New York Governor Andrew Cuomo signed the “Housing Stability and Tenant Protection Act of 2019,” the strongest law protecting tenants in the state’s history, on June 14. The law permanently closes loopholes in New York’s rent-stabilization system, allows the system to expand to the entire state, and offers eviction protections to renters and manufactured-housing residents everywhere in New York.
NLIHC state partner New York State Tenants & Neighbors as part of the Housing Justice for All Campaign organized, marched, and lobbied to guarantee the state’s expiring rent-stabilization laws would be replaced by stronger protections for tenants.
Finding affordable housing in New York has long been difficult, despite the development of new multifamily homes. Loopholes in previous laws enabled landlords to discontinue rent regulation in their apartments, resulting in the loss of 300,000 affordable, rent-stabilized homes, while the cost of living has far outpaced residents’ ability to pay rising rents. Renters’ housing cost burdens throughout New York State are high, and gentrification with the displacement of long-term residents is growing in many communities due to the lack of affordable housing options in those communities.
Housing Justice for All campaign activists, including staff from Tenant & Neighbors and several other housing- justice organizations, strongly advocated for new rent regulations. They marched in the streets, met with city councils across the state urging them to pass resolutions supporting new rent regulations, called on key political leaders to sign onto the full slate of Housing Justice for All legislation sponsored by Speaker Carl Heastie and Senate Majority Leader Andrea Steward-Cousins, and visited the capitol every Tuesday to lobby the legislature to pass the legislation. Housing Justice for All advocates also delivered a pro-renter petition with 3,000 signatures to Governor Cuomo.
The “Housing Stability and Tenant Protection Act of 2019” does the following:
- Extends rent regulation laws and makes them permanent.
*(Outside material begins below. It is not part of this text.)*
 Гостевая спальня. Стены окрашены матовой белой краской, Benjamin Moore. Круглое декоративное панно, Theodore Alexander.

- Expands the “Emergency Tenant Protection Act of 1974” across New York State, allowing all localities that fit certain criteria for rent stabilization to opt-in.
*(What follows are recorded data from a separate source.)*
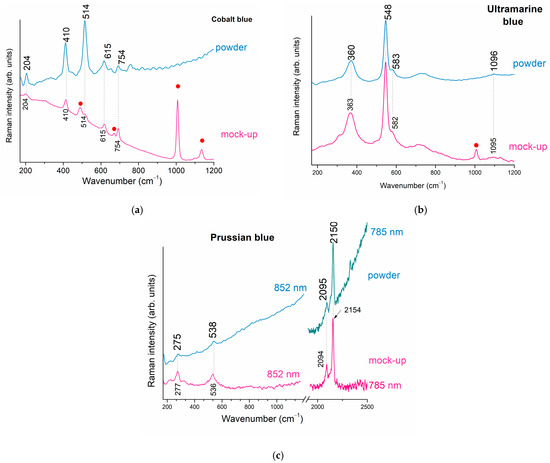 Raman spectra of blue pigments in mock-up panel painting: (a) cobalt blue, (b) ultramarine blue, and (c) Prussian blue (spectral range 170–2500 cm−1). Pink lines (named mock-up) indicate the Raman spectra acquired on mock-up panel painting, and cyan lines (named powder) refer to the Raman spectra of pigments in powder. All the spectra are acquired with an 832 nm laser excitation wavelength, and Prussian blue is also acquired with a 785 nm laser excitation wavelength.
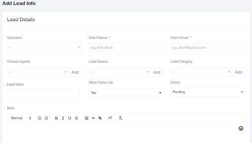 - NOTE: This records any important point that the lead has mentioned in their requirements which should be taken care of while any conversation.
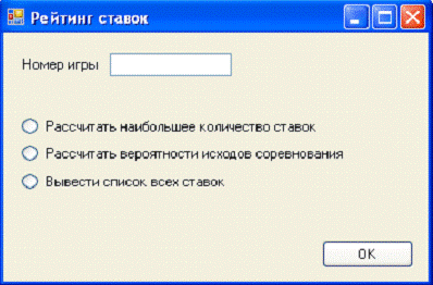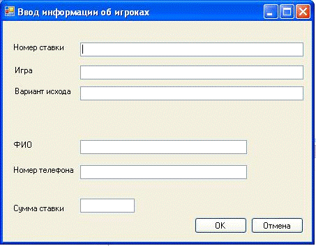 на разработку системы учета ставок в букмекерской конторе, предназначенной для
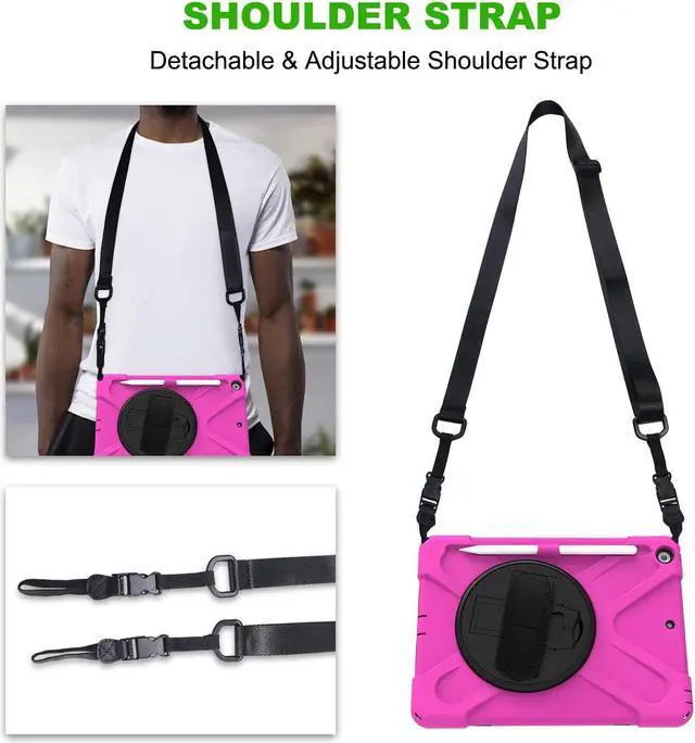 Versatile Case - Built-in stand that kicks out allowing you to watch, play, work, live videos, live stream, record or make video calls. Easily hold your tablet securely by using the built-in hand strap when you are on the move. A removable shoulder strap when installed, allows you to carry your tablet easily and comfortably over your shoulder or carry your device over your neck for your iPad 10.2-inch
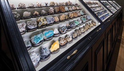 Vitrina Museo Nacional de Praga con vidrio Clearsight. Con una capacidad de reducir los reflejos hasta menos del 1 %, frente al 8 % de los vidrios convencionales, Clearsight proporciona
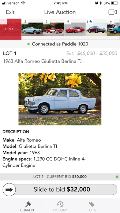 live auctions and our online only series, Geared Online. The app also provides simple bidder
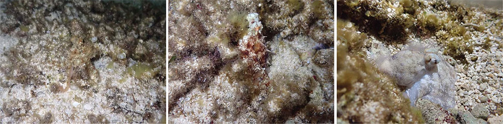 野外で撮影されたソデフリダコの写真。覚醒時は左・中央の写真のようにさまざまな体表模様が現れる。静的睡眠時は、右の写真のように全身が白くなり、ほとんど動かない。約45分おきに、突然、覚醒状態様の睡眠状態(動的睡眠:AS)になる。 Credit: 浅田渓秋(OIST技術員)
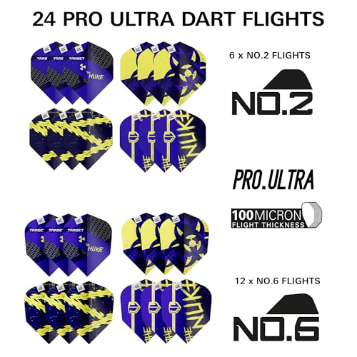 - PRO ULTRA DART FLIGHTS: The Pro Ultra dart flights are crafted from 100-micron and overlaid with a spot UV print to enhance the aesthetic and improve overall durability. Choose from two flight shapes; No.2 and No.6, and six designs included in the set.

- Repeals high-rent and high-income “decontrol” statutes that allowed units to be deregulated upon vacancy if the rent reaches a maximum threshold.
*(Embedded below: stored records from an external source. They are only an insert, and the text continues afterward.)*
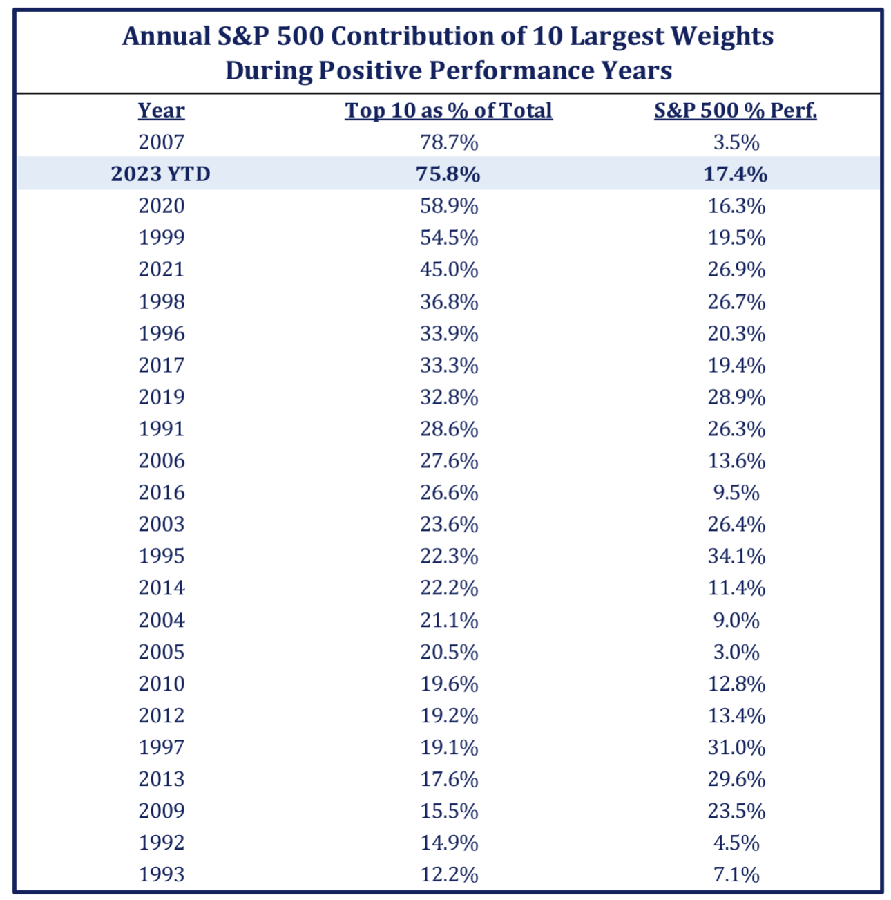 Dave: which has manifested itself in a tiny group of growth stocks contributing nearly the entire YTD return
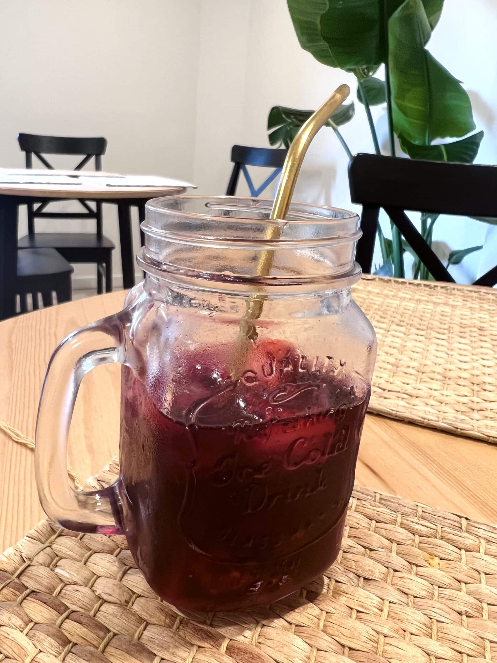Nous avons testé la tartine « Burrata » avec pesto de pistache maison, tomates cerises, coppa, roquette ainsi que la tartine « Croustiti » avec une délicieuse escalope de poulet pané, chili mayo, bacon, emmenthal, tomates, salade et oignons rouges. Pour accompagner ces plats, nous avons pris le thé glacé maison.
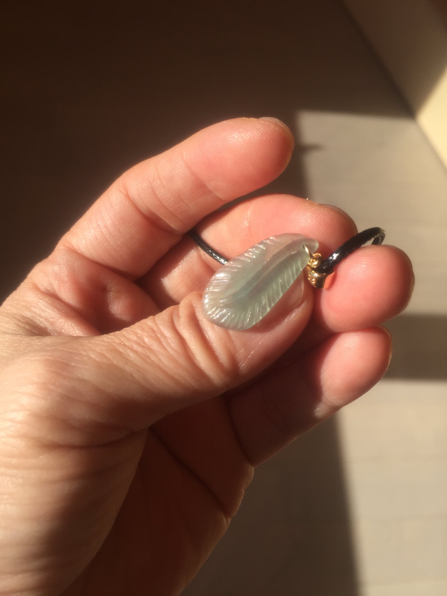 This natural Type A jadeite pendant is beautifully hand-carved into the shape of a delicate feather — a symbol of freedom, hope, lightness, and spiritual protection.

- Allows preferential rents to be permanent for the life of the tenancy. This means the property owner cannot discontinue preferential rents (rents below the legal regulated rent) for tenants upon lease renewals. Landlords can charge any rent up to the full legal regulated rent once the tenant vacates the home only if the tenant did not vacate because of the landlord’s failure to maintain the apartment.
- Repeals vacancy and longevity bonuses. The statutory vacancy bonus allowed landlords of rent-regulated units to collect an automatic increase in rent up to 20% upon vacancy. The vacancy longevity bonus allowed landlords of rent-regulated units that had not claimed a vacancy increase in over eight years to collect an additional increase.
- Reforms the system of overcharge complaints that previously allowed landlords to get away with fraud if the tenant did not complain quickly enough, and it extends the four-year “look-back” rule to six years. This extends the statute of limitation for when tenants can claim their landlord has overcharged them for rent; they can file such a claim on rents up to six years prior to their current lease year.
- Reforms and caps Major Capital Improvement (MCI) and Individual Apartment Improvement (IAI) increases.
- Establishes stronger tenant protections statewide. Landlords cannot evict tenants for making good-faith complaints to them about violating the warranty of habitability. Security deposits are limited to one month’s rent and the eviction process was extended to give the tenant more time to pay rent and find a new home.
- Establishes protections for mobile- and manufactured-home tenants. It limits rent increases, establishes rent-to-own regulations to protect mobile- and manufactured-home tenants, and strengthens protections against evictions from parks for the purpose of changing land use.
Delsenia Glover, director of New York State Tenants & Neighbors and a spokesperson for the Housing Justice for All Campaign, said she is “thrilled and honored to be at the helm of this great organization to witness this historic legislation to protect rent-regulated tenants, including laws which do not sunset!”
“This bill is a huge step forward,” said Ms. Glover, “in reversing decades of weakening amendments to the laws that govern rent regulation in New York state, like ending vacancy decontrol, vacancy bonuses, making preferential rents permanent, expansion of the ‘Emergency Tenant Protection Act,’ and moderating MCI’s and IAI’s. This is the culmination of years of tenant activism and advocacy, and a great day for all New York. We applaud Leader Stewart-Cousins and Speaker Heastie for this courageous and necessary piece of legislation that will save communities across the state, particularly communities of color, and save many from homelessness caused by escalating rents.”